Entrevista a Célia Bonet, presidente da instituição

Dado os tempos difíceis que se vivem, O “Cidade de Tomar” solicitou à presidente da Cáritas, Célia Bonet, o ponto de situação que esta instituição vive devido à pandemia.

Cidade Tomar (CT) – A Cáritas tem recebido mais pedidos de ajuda neste período de Pandemia Covid-19?

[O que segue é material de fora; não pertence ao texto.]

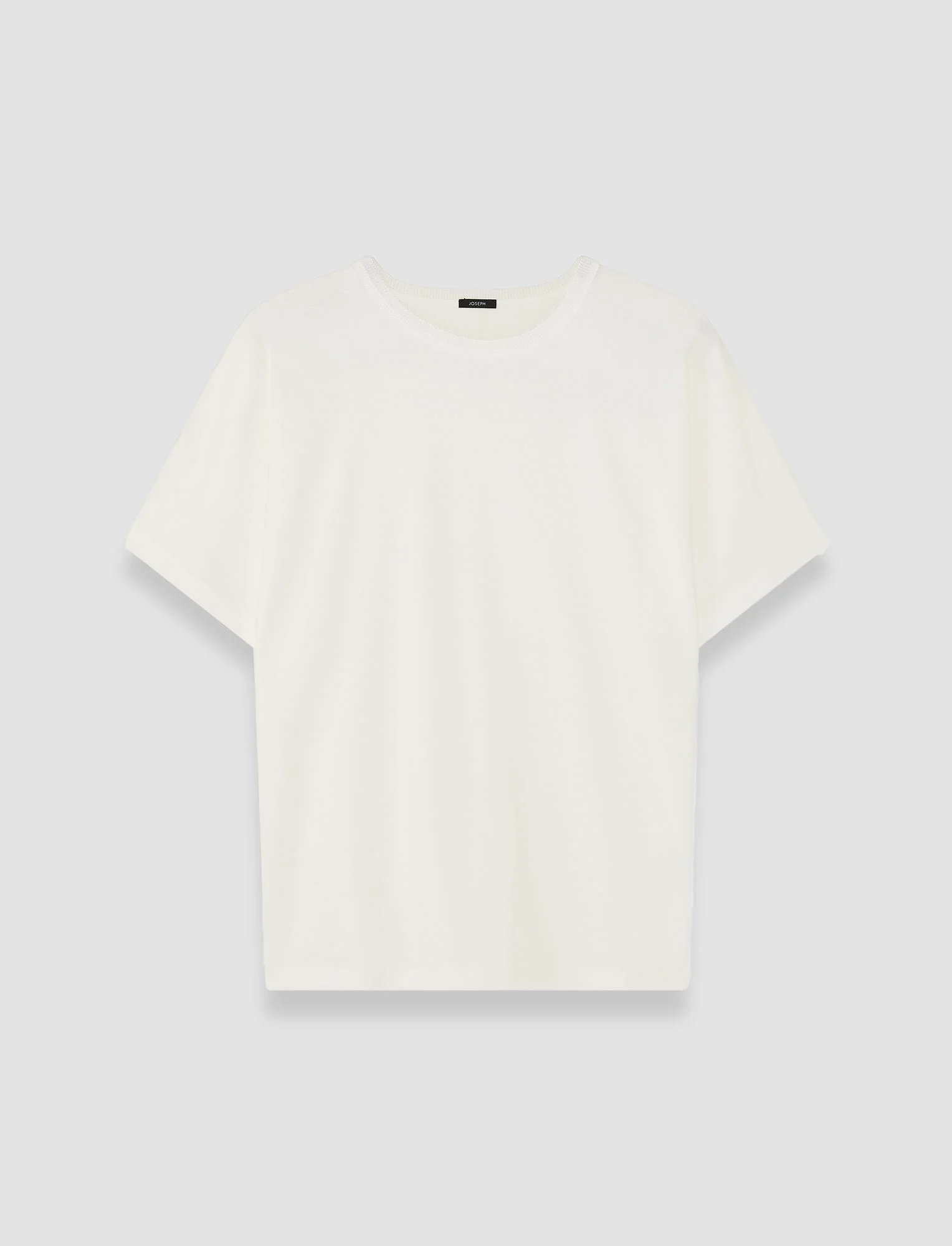 The Comfort Cotton T-Shirt is a regular fit style, crafted from 100% Cotton. This minimal, everyday style has a soft jersey hand feel. It features a tonal ribbed detailing at the neckline and a single seam sleeve for a clean look. - Designed for a regular fit - Soft, mid-weight jersey - Single seam sleeves - Product code: jf0090480045 - Ivory SIZE ADVICE - Model wears size M CARE & MATERIALS - 100% Cotton - Machine wash, wool/silk program wash, very gentle spin - Do not bleach - Do not tumble dry - Iron low temperature setting - Dry clean normal - Use a wool shampoo - Put in a laundry bag - Wash inside out with similar colours - Dry flat - Iron inside out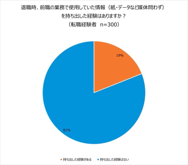 エルテスの「転職時の情報管理アンケート調査」によれば、転職経験者の約5人に1人が前職の情報を持ち出した経験があると回答しており、その多くが「転職先で活用するため」という明確な目的意識を持っていたことからも、手土産転職はどの企業にとっても起こり得るリスクであることが分かります。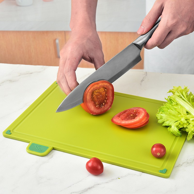 Bề mặt cắt dễ dàng, thân thiện với dao với các cạnh bắt vụn, chân chống trượt. Thớt được mã hóa màu cho các loại thực phẩm khác nhau,

Célia Bonet (CB) – A Cáritas de Tomar tem recebido mais pedidos de ajuda desde de que entrámos na Pandemia Covid -19, especialmente nos últimos dias. Estamos muito preocupados com os tempos mais próximos. No nosso concelho existem muitos trabalhadores por conta própria que vão ganhando apenas para a sua sobrevivência e que nunca conseguiram ganhar o suficiente para fazer poupanças. Pequenos empresários com dois ou três funcionários e que se veem agora impedidos de trabalhar e sem possibilidade de cumprir as suas responsabilidades financeiras. Estas pessoas com ajuda de familiares suportaram um mês sem rendimentos mas, daqui para a frente, vão ficar em situação muito complicada. Até agora os nossos utentes eram essencialmente idosos com reformas muito baixas, pessoas com problemas cognitivos, pessoas com muito baixa escolaridade e famílias mono-parentais. Mas daqui para a frente vamos ter que socorrer outro tipo de pessoas que querendo trabalhar não têm qualquer possibilidade de o fazer.

CT – De que modo a instituição se reorganizou nos últimos tempos?

CB – A nossa instituição foi obrigada a reorganizar-se de modo a libertar os voluntários mais idosos ou com problemas de saúde que se enquadram no grupo de risco. São os mais jovens que agora asseguram todos os serviços. Existe na Cáritas de Tomar um grande sentido de responsabilidade e de solidariedade que sobrevive com o trabalho das pessoas que se entregam de alma e coração sem ter qualquer retribuição. Trabalham em troca do prazer de ver os outros felizes.

CT – Como é assegurada a distribuição de bens e o apoio as famílias sinalizadas?

CB – A distribuição de bens alimentares mantém-se exatamente nos mesmos moldes de antes. Fazem-se as recolhas de alimentos nos hipermercados e Banco Alimentar ao longo de vários dias da semana e depois faz-se a distribuição aos nossos utentes. Cada família tem data e hora marcada para receber os seus alimentos e fá-lo uma vez por mês. Como apoiamos mais de 450 pessoas é necessário fazer essa distribuição ao longo de todo o mês às terças e quartas feiras respetivamente.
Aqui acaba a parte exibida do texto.